### THE RECORDS
+ + + +
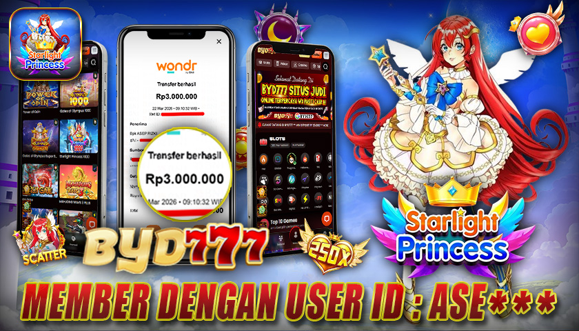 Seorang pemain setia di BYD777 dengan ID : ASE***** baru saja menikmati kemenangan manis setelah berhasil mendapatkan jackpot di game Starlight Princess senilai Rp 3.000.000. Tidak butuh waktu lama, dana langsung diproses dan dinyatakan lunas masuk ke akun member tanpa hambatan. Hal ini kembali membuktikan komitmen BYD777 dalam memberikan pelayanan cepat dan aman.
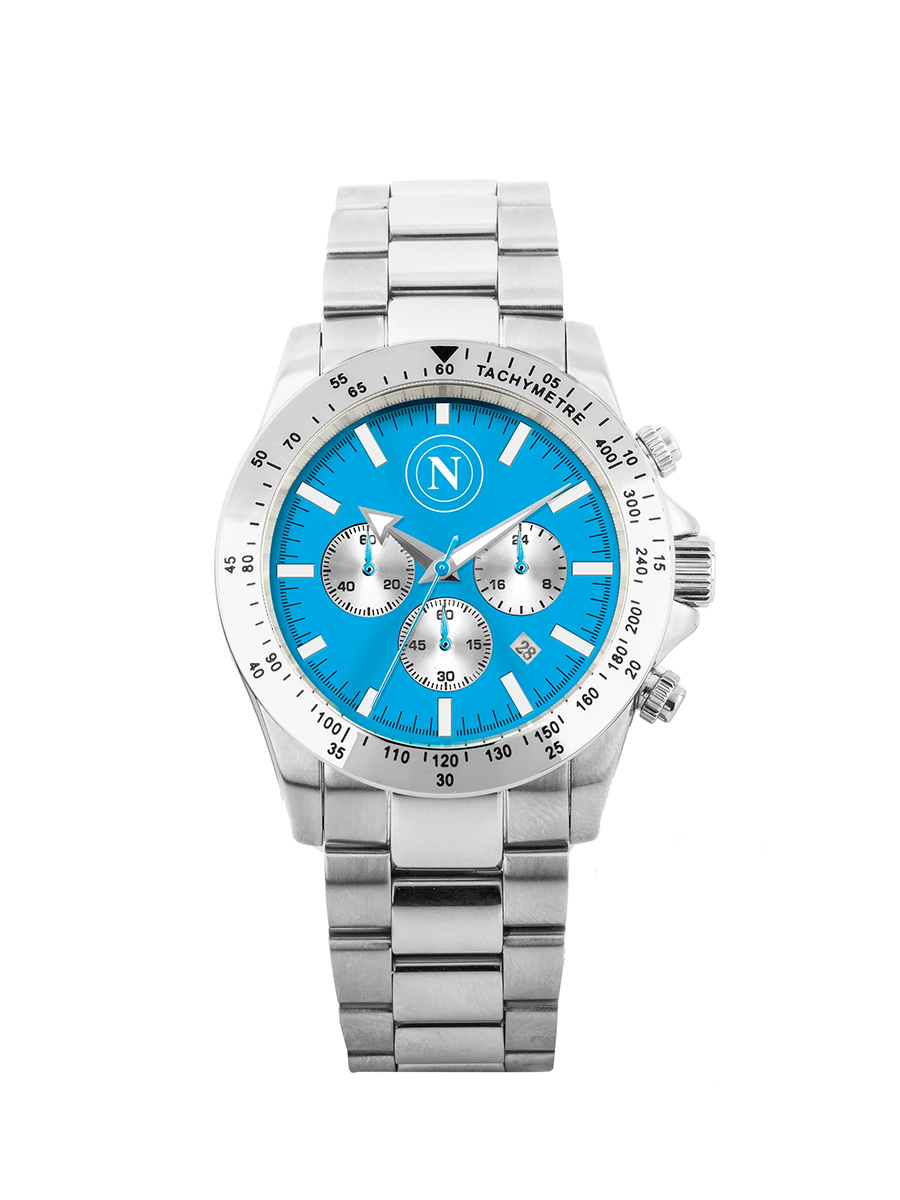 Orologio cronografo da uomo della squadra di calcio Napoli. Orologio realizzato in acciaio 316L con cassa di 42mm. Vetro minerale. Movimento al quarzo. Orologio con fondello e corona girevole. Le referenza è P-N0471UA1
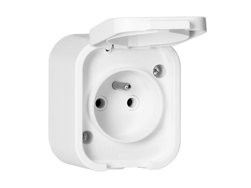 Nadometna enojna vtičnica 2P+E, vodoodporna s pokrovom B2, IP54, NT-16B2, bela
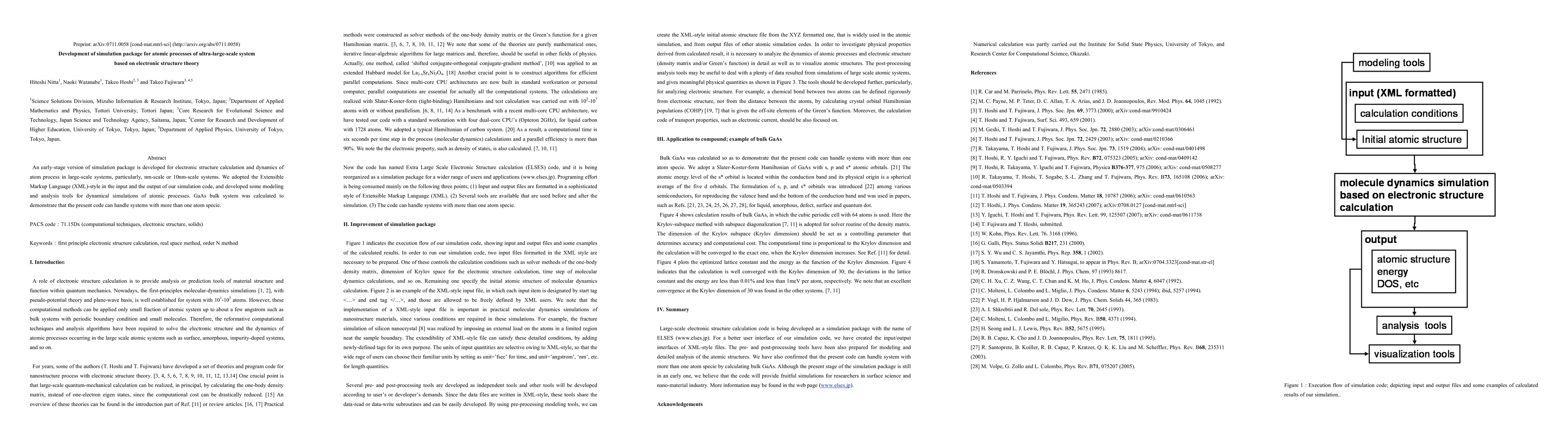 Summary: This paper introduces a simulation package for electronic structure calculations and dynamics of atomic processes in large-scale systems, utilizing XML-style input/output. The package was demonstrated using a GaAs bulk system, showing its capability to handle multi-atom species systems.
+ + + +
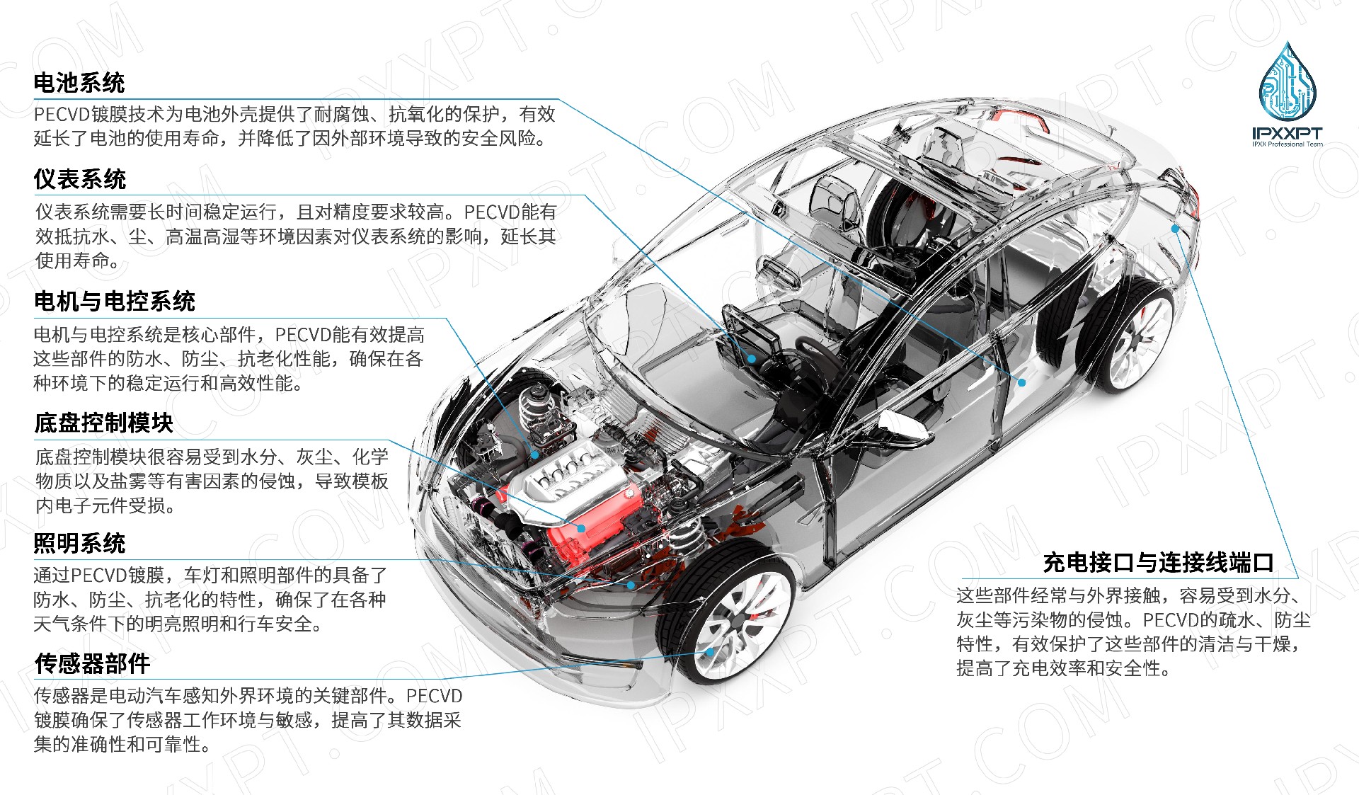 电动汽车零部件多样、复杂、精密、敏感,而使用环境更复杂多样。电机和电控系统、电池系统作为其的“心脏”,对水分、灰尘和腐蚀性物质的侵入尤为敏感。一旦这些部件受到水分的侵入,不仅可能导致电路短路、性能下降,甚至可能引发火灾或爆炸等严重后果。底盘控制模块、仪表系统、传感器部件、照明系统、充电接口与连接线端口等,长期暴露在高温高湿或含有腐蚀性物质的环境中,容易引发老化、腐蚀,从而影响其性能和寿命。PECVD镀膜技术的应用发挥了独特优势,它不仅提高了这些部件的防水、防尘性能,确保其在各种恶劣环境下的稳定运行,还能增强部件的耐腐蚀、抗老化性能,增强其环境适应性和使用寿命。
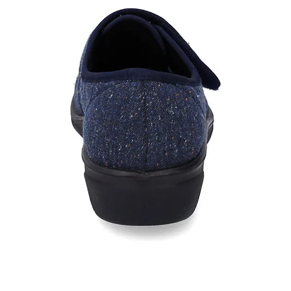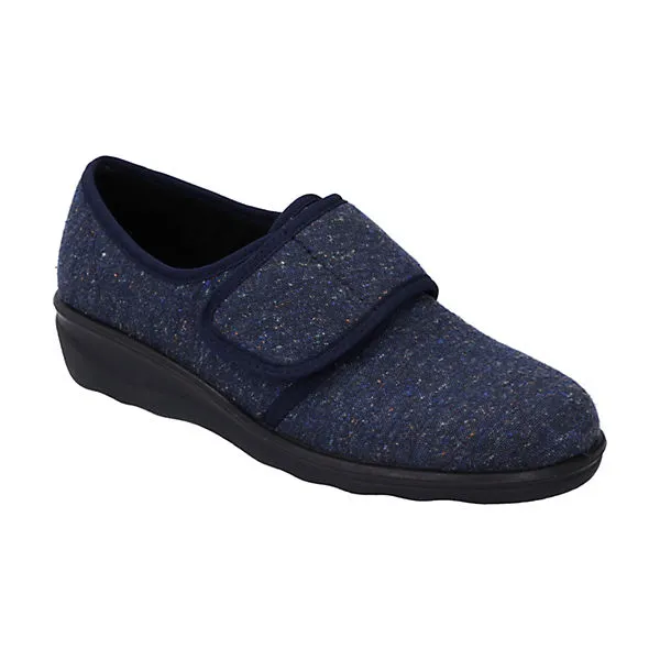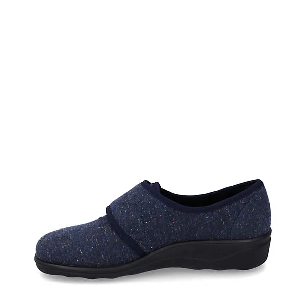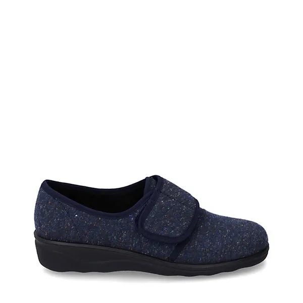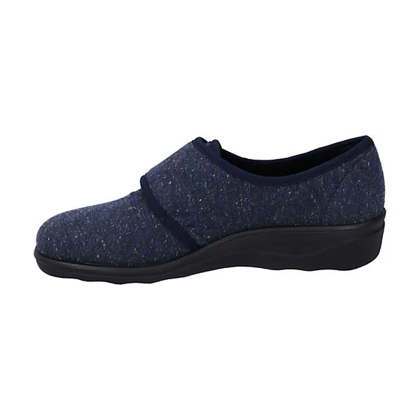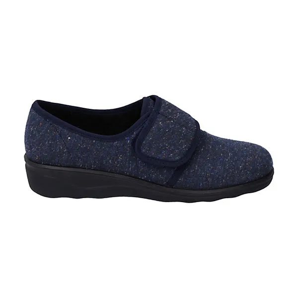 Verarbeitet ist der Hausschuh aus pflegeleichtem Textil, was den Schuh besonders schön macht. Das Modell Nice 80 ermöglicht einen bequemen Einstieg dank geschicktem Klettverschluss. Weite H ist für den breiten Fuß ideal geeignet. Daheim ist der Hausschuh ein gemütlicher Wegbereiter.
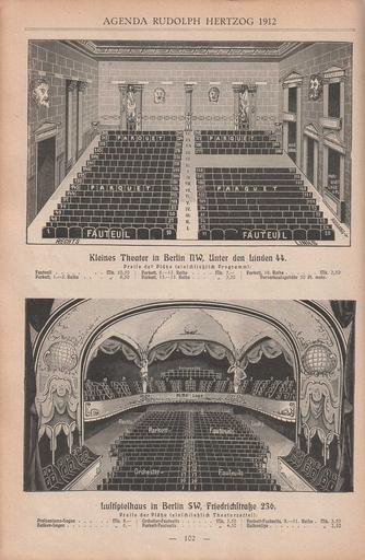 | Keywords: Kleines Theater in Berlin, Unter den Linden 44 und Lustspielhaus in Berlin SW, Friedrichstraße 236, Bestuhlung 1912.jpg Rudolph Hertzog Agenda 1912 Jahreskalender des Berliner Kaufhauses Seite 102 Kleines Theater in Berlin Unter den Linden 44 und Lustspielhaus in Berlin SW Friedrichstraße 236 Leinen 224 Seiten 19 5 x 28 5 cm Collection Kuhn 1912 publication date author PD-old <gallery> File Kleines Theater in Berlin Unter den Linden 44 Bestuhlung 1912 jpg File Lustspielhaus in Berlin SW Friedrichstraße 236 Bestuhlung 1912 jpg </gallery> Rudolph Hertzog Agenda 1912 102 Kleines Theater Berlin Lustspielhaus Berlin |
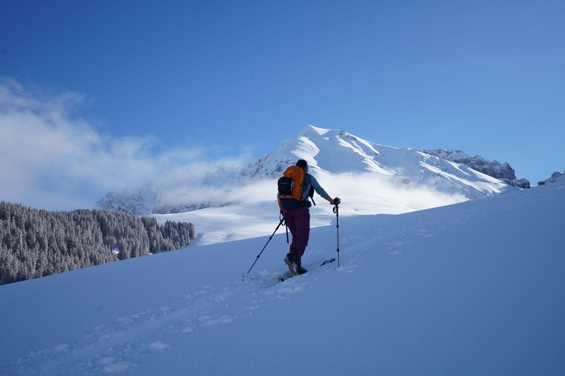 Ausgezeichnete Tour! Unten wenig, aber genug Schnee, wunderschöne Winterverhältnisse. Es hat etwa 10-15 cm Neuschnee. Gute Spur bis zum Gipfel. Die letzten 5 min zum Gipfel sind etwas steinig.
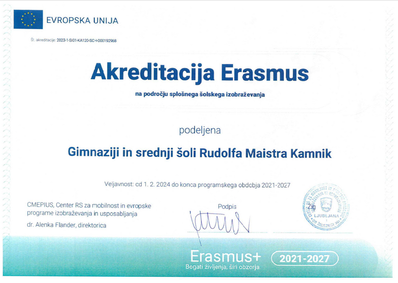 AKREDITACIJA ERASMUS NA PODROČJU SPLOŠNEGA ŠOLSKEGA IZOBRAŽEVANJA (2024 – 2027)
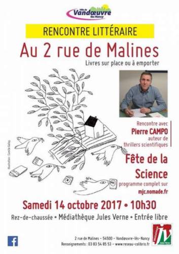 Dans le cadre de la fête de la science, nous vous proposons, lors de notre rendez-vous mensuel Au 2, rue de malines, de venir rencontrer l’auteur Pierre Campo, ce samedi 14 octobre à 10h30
+ + + +
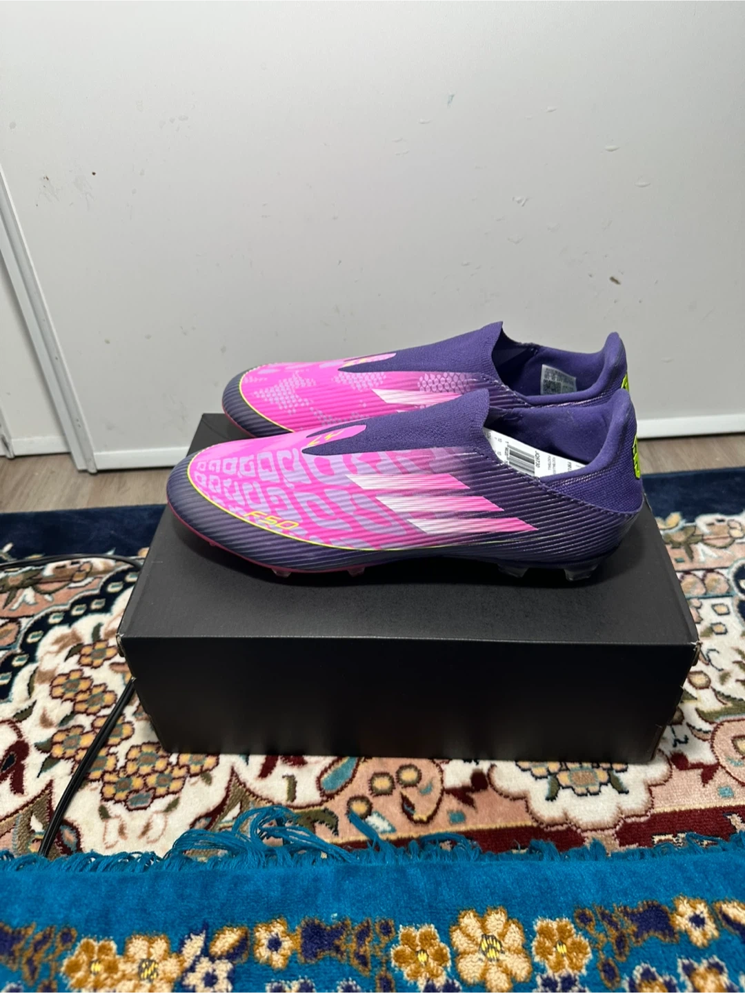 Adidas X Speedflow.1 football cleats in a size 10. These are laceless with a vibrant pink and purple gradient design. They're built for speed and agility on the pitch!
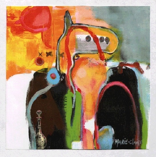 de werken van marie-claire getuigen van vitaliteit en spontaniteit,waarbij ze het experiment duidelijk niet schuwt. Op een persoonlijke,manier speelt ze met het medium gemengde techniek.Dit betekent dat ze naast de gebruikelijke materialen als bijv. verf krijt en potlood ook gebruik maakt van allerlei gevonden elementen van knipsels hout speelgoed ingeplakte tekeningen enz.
+ + + +
### TASK GOAL
Reproduce exactly the lines of the data above that run from the line with "Lustspielhaus Berlin |" down to the line with "Dans le cadre", both ends included. Pictures do not belong in the copy.

### TASK ANSWER
 | Keywords: Kleines Theater in Berlin, Unter den Linden 44 und Lustspielhaus in Berlin SW, Friedrichstraße 236, Bestuhlung 1912.jpg Rudolph Hertzog Agenda 1912 Jahreskalender des Berliner Kaufhauses Seite 102 Kleines Theater in Berlin Unter den Linden 44 und Lustspielhaus in Berlin SW Friedrichstraße 236 Leinen 224 Seiten 19 5 x 28 5 cm Collection Kuhn 1912 publication date author PD-old <gallery> File Kleines Theater in Berlin Unter den Linden 44 Bestuhlung 1912 jpg File Lustspielhaus in Berlin SW Friedrichstraße 236 Bestuhlung 1912 jpg </gallery> Rudolph Hertzog Agenda 1912 102 Kleines Theater Berlin Lustspielhaus Berlin |
 Ausgezeichnete Tour! Unten wenig, aber genug Schnee, wunderschöne Winterverhältnisse. Es hat etwa 10-15 cm Neuschnee. Gute Spur bis zum Gipfel. Die letzten 5 min zum Gipfel sind etwas steinig.
 AKREDITACIJA ERASMUS NA PODROČJU SPLOŠNEGA ŠOLSKEGA IZOBRAŽEVANJA (2024 – 2027)
 Dans le cadre de la fête de la science, nous vous proposons, lors de notre rendez-vous mensuel Au 2, rue de malines, de venir rencontrer l’auteur Pierre Campo, ce samedi 14 octobre à 10h30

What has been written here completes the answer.